* [TASK INPUT]
- Opening Delimiter -

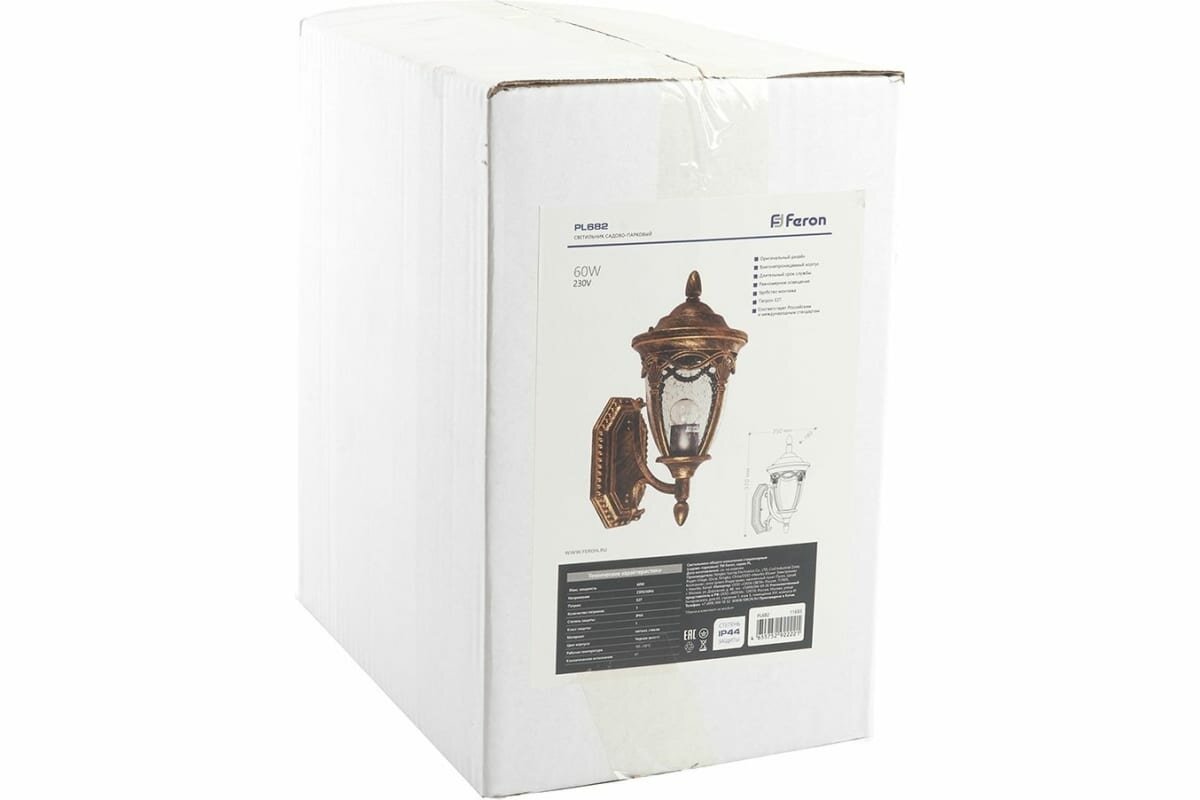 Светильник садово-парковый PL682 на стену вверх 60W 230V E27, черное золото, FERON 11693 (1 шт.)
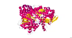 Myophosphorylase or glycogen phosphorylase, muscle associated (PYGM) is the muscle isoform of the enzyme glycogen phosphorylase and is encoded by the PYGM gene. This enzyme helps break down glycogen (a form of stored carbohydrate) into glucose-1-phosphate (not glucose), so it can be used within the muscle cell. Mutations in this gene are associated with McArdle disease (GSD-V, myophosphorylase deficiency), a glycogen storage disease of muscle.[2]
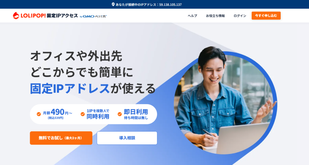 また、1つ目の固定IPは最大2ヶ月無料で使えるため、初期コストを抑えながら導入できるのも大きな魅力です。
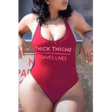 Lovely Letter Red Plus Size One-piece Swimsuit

- Closing Delimiter -
- Opening Delimiter -

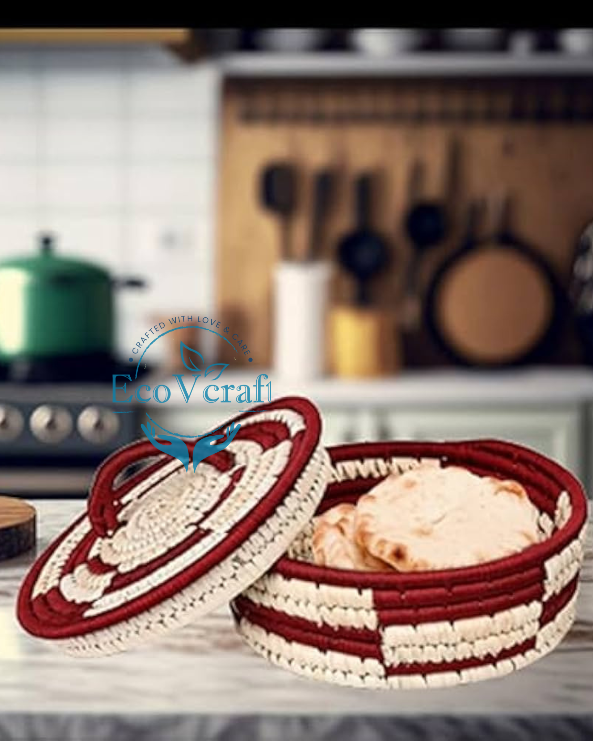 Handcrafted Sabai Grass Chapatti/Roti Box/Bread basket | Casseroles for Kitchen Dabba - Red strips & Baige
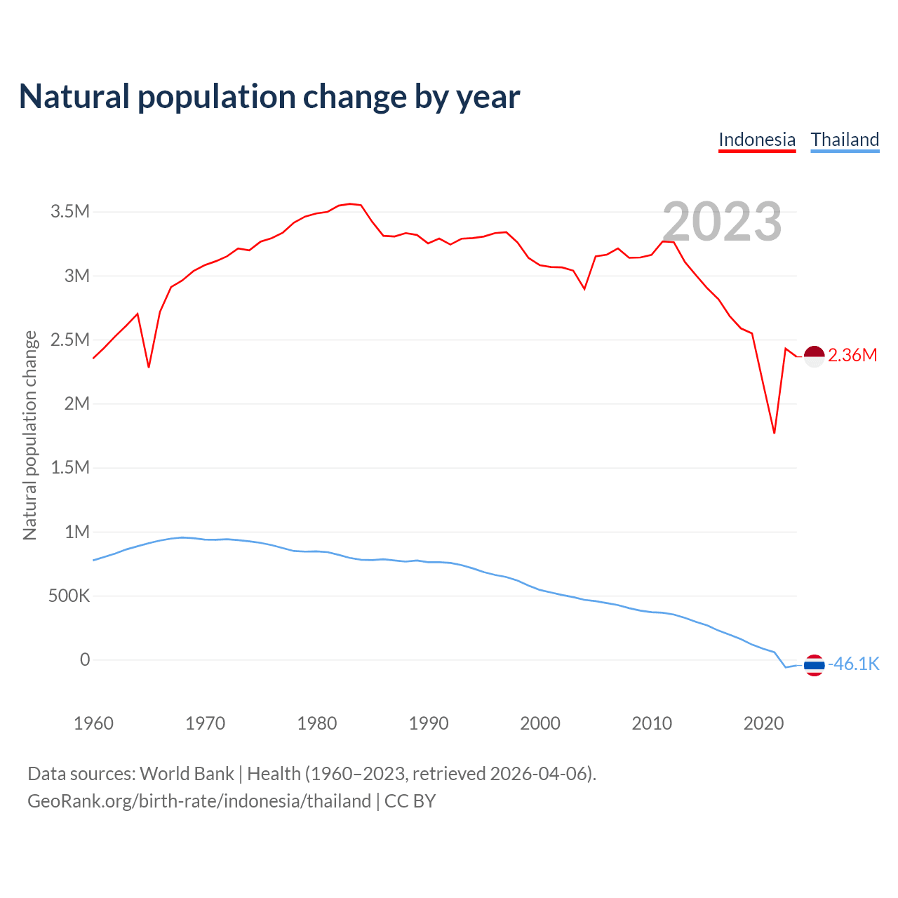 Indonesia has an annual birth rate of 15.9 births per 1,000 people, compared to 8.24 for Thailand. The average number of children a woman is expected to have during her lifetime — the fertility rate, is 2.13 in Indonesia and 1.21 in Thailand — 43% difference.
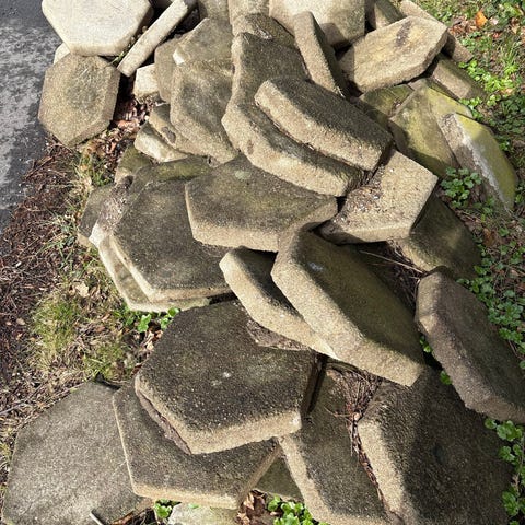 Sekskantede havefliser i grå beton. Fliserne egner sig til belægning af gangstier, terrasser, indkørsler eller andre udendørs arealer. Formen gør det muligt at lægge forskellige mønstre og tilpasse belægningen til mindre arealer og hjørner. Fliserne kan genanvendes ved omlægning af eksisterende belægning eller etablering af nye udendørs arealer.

- Closing Delimiter -
- Opening Delimiter -

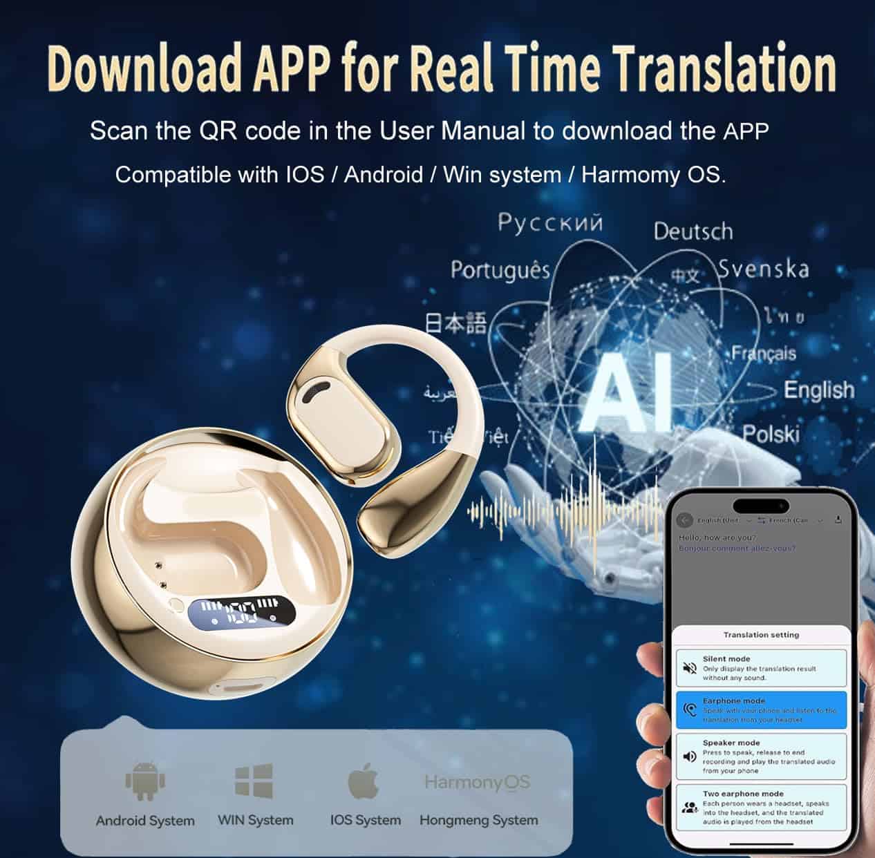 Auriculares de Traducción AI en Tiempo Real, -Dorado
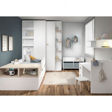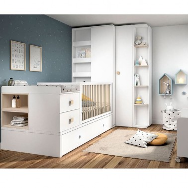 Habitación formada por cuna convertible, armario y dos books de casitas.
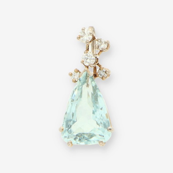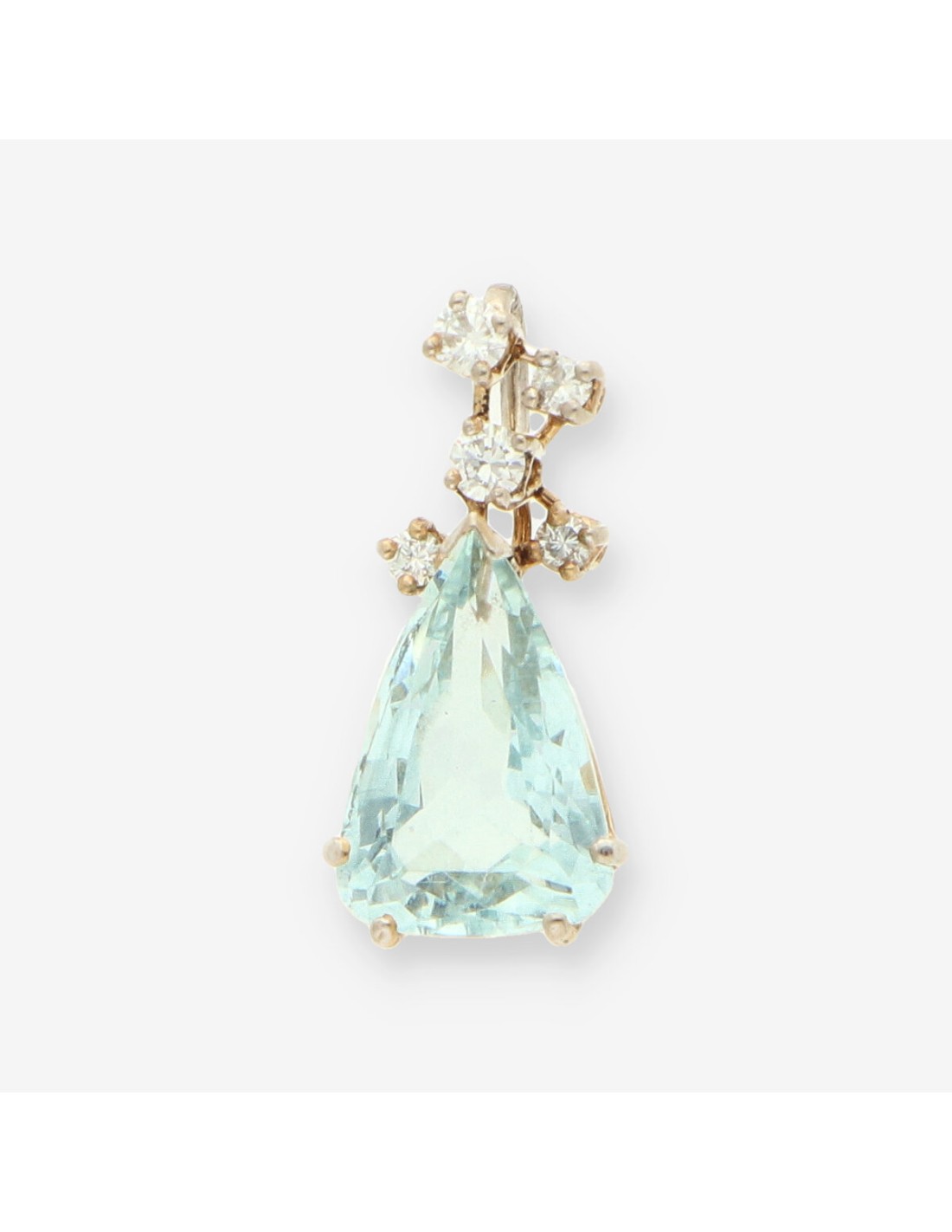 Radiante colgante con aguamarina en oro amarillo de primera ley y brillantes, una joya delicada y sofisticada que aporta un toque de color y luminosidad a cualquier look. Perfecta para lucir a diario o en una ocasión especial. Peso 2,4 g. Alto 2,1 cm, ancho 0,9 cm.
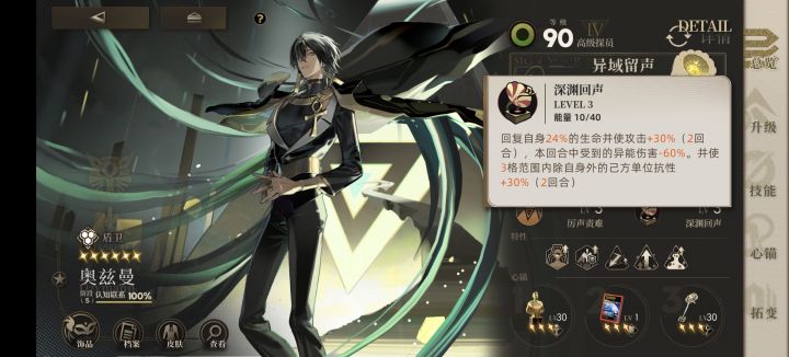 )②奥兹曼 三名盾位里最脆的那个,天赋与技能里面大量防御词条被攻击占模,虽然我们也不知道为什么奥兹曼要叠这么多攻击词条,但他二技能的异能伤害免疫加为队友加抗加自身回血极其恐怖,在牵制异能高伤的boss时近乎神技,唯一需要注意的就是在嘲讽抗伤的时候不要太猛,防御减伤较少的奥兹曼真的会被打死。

- Closing Delimiter -

* [ABOUT THIS TASK] Copy exactly, without pictures, the lines above from the one with "Светильник садово-парковый PL682" down to the one with "Lovely Letter Red", inclusive.

* [THE ANSWER]
 Светильник садово-парковый PL682 на стену вверх 60W 230V E27, черное золото, FERON 11693 (1 шт.)
 Myophosphorylase or glycogen phosphorylase, muscle associated (PYGM) is the muscle isoform of the enzyme glycogen phosphorylase and is encoded by the PYGM gene. This enzyme helps break down glycogen (a form of stored carbohydrate) into glucose-1-phosphate (not glucose), so it can be used within the muscle cell. Mutations in this gene are associated with McArdle disease (GSD-V, myophosphorylase deficiency), a glycogen storage disease of muscle.[2]
 また、1つ目の固定IPは最大2ヶ月無料で使えるため、初期コストを抑えながら導入できるのも大きな魅力です。
 Lovely Letter Red Plus Size One-piece Swimsuit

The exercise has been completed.